Assessing the 2010-11 Miami Heat Roster and Where they go from Here

Some view Miami’s loss in the NBA Finals as a monumental failure. And if you only watched the last five games of the series, you’d have no reason to believe otherwise. But honestly, how many of us thought Miami would come closer to a title than the Boston Celtics and Los Angeles Lakers this year?

That’s the world we live in today, one where the dissected pieces are dissected once more before being arranged into 140 character tweets and sent out to all who will listen, 24 hours a day, 7 days a week. In this new world, information is so readily available yet moving at such a high rate of speed that many times we forget what we were thinking just a minute ago let alone at the start of the NBA season; we’re in a society of short memories.

Miami wasn’t supposed to get here, despite their pre-season victory parade and all of the shenanigans that we observed under LRMR’s big top circus act. This team was a year away. It was the general consensus coming into the season and it held true until the Celtics stumbled and the Lakers seemed gassed against the Mavs. And even when the playoffs began, many fans and pundits favored Chicago, San Antonio and LA over Miami. And that’s okay, because Miami had many flaws that could only be sealed if LeBron became the best player, ever.

LeBron did just that for 16 games. He looked unstoppable at times, like a man motivated by the burden of his own creations. For the first time in perhaps his entire career, everyone believed in him. Dan Gilbert was quiet, Lakers and Celtics fans were quiet, even haters like Adrian Wojnarowski had nothing but things good to type. The only ones who remained loud were Miami fans and Scottie Pippen. It seemed as if LeBron had finally arrived. He finally had the motivation and super-human skill set to will this team to the first of their promised seven championships.

Then it all fell apart. Nothing went right for Miami or LeBron and as the odds became stacked against them. Miami reacted to Finals losses in the worst way, by doing nothing differently.

Here’s how every Heat player and important staffer fared and what Miami needs to do differently next year to ensure that they win two more games.

Mario Chalmers – I’m starting here because he showed that he belongs on a championship-level team.
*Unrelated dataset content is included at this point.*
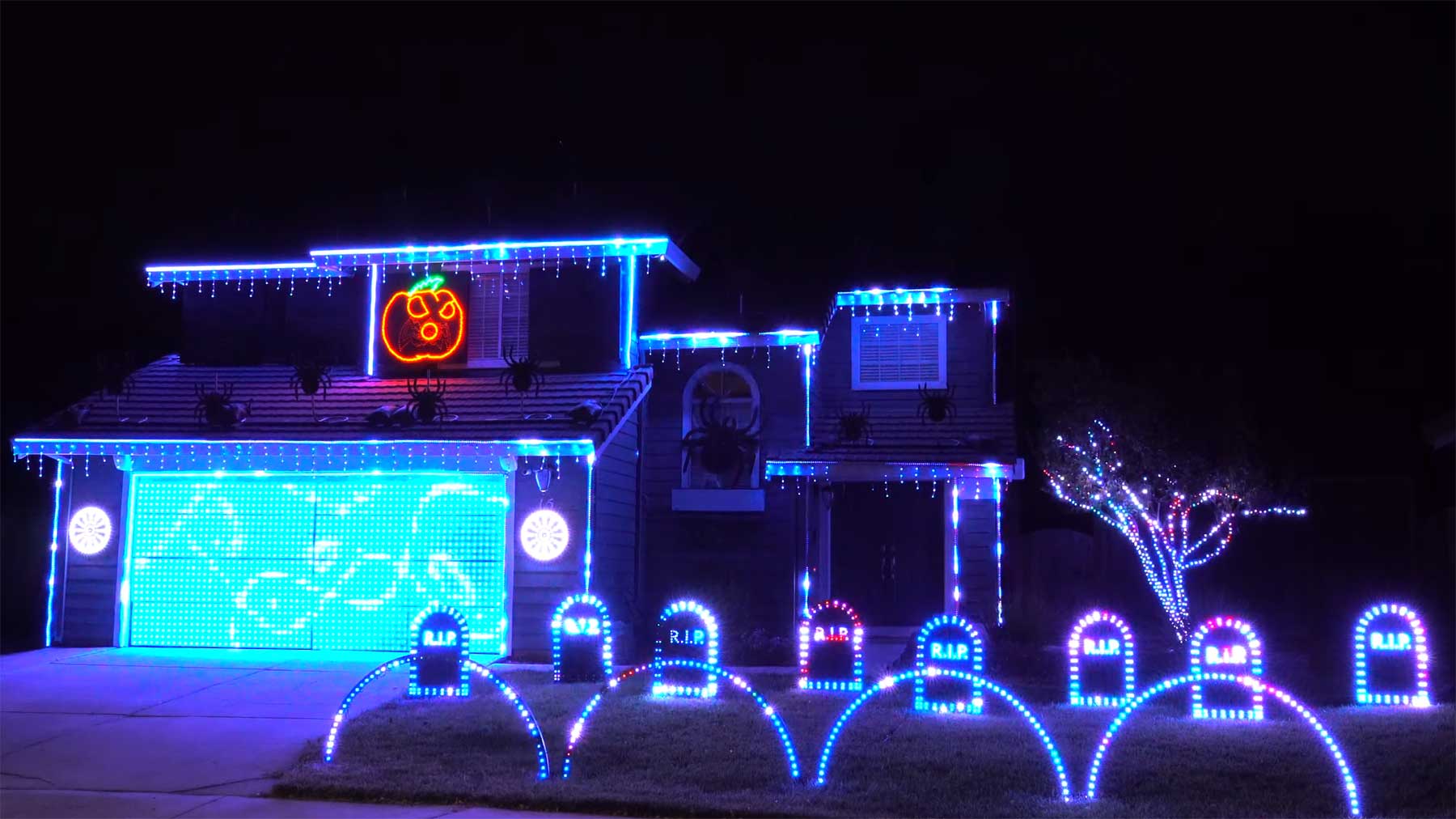 Vergangenes Jahr hat das Haus von Tom BetGeorge an Halloween noch zu Michael Jackson getanzt, dieses Mal geht es den Ghostbusters an den Kragen. Die von Ray Parker Jr. gesungene Titelmelodie hat eine astreine Licht-Choreografie erhalten. Man achte dabei vor allem auf dieses krasse LED-Garagentor!

He made a few mistakes here and there (not passing to LeBron on that final fast break was crucial) but overall, Mario showed that he has the shooting, defense and testicular fortitude to play alongside two of the best players in the world and still carry his own weight.

Mario Chalmers is the next Derek Fisher. Yes, that same five-time NBA champion Derek Fisher. It’s a bold claim to make but I think all the parallels are there. Chalmers has the long-range spot ups, the ballsy buzzer beaters, the ability to converse with mega-stars and not just take orders. When (when not if) Miami wins a few rings, he’ll have the hardware to match the skill set.

Udonis Haslem – UD brings the reality check to a roster full of should-be reality stars. His “tough it out” attitude coupled with his “I don’t give a crap” demeanor brings harmonic balance to the Big 3’s questionable ways. Haslem will be a difference-maker in at least one playoff series next year but even if he weren’t, his mindset alone is worthy of a roster spot.

Chris Bosh – Bosh gets more flak then he should and that’s because he chose to be the third wheel on Miami’s party bus. Bosh was never going to get it done in Toronto despite being one of the top 15 players in the league.

Many will say he was terrible this season and that he’s a waste of money, but all of that is nonsense. Bosh put up All-Star worthy numbers for a team that barely knew how to utilize its first two stars. He did this while taking less shots, less money, and more scrutiny. He didn’t take the same level of criticism as LeBron, but he was the butt of several jokes.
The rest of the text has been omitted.